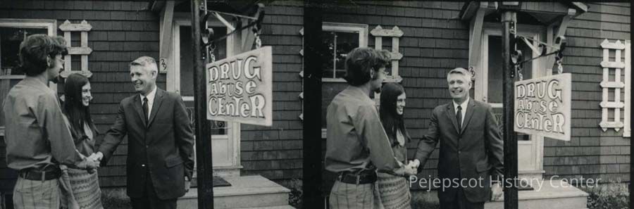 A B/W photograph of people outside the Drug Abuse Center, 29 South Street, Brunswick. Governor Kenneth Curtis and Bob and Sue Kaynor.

——

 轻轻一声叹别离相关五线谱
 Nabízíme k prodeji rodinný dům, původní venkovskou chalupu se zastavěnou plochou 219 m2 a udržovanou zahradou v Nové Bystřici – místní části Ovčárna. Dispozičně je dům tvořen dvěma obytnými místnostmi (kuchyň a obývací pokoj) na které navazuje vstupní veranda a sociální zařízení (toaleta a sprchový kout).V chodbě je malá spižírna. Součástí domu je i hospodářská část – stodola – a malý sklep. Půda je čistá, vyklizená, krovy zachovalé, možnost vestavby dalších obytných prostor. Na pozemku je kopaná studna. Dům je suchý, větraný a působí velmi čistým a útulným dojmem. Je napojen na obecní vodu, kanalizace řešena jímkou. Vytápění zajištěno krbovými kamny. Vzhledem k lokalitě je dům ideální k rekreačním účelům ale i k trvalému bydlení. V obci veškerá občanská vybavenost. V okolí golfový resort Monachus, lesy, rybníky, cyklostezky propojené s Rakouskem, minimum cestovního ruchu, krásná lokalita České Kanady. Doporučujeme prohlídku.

——

*What you should do*. In the listing above, find the line with "轻轻一声叹别离相关五线谱" and the line with "Nabízíme k prodeji", then print exactly those lines and every line between them.

*Response*.
 轻轻一声叹别离相关五线谱
 Nabízíme k prodeji rodinný dům, původní venkovskou chalupu se zastavěnou plochou 219 m2 a udržovanou zahradou v Nové Bystřici – místní části Ovčárna. Dispozičně je dům tvořen dvěma obytnými místnostmi (kuchyň a obývací pokoj) na které navazuje vstupní veranda a sociální zařízení (toaleta a sprchový kout).V chodbě je malá spižírna. Součástí domu je i hospodářská část – stodola – a malý sklep. Půda je čistá, vyklizená, krovy zachovalé, možnost vestavby dalších obytných prostor. Na pozemku je kopaná studna. Dům je suchý, větraný a působí velmi čistým a útulným dojmem. Je napojen na obecní vodu, kanalizace řešena jímkou. Vytápění zajištěno krbovými kamny. Vzhledem k lokalitě je dům ideální k rekreačním účelům ale i k trvalému bydlení. V obci veškerá občanská vybavenost. V okolí golfový resort Monachus, lesy, rybníky, cyklostezky propojené s Rakouskem, minimum cestovního ruchu, krásná lokalita České Kanady. Doporučujeme prohlídku.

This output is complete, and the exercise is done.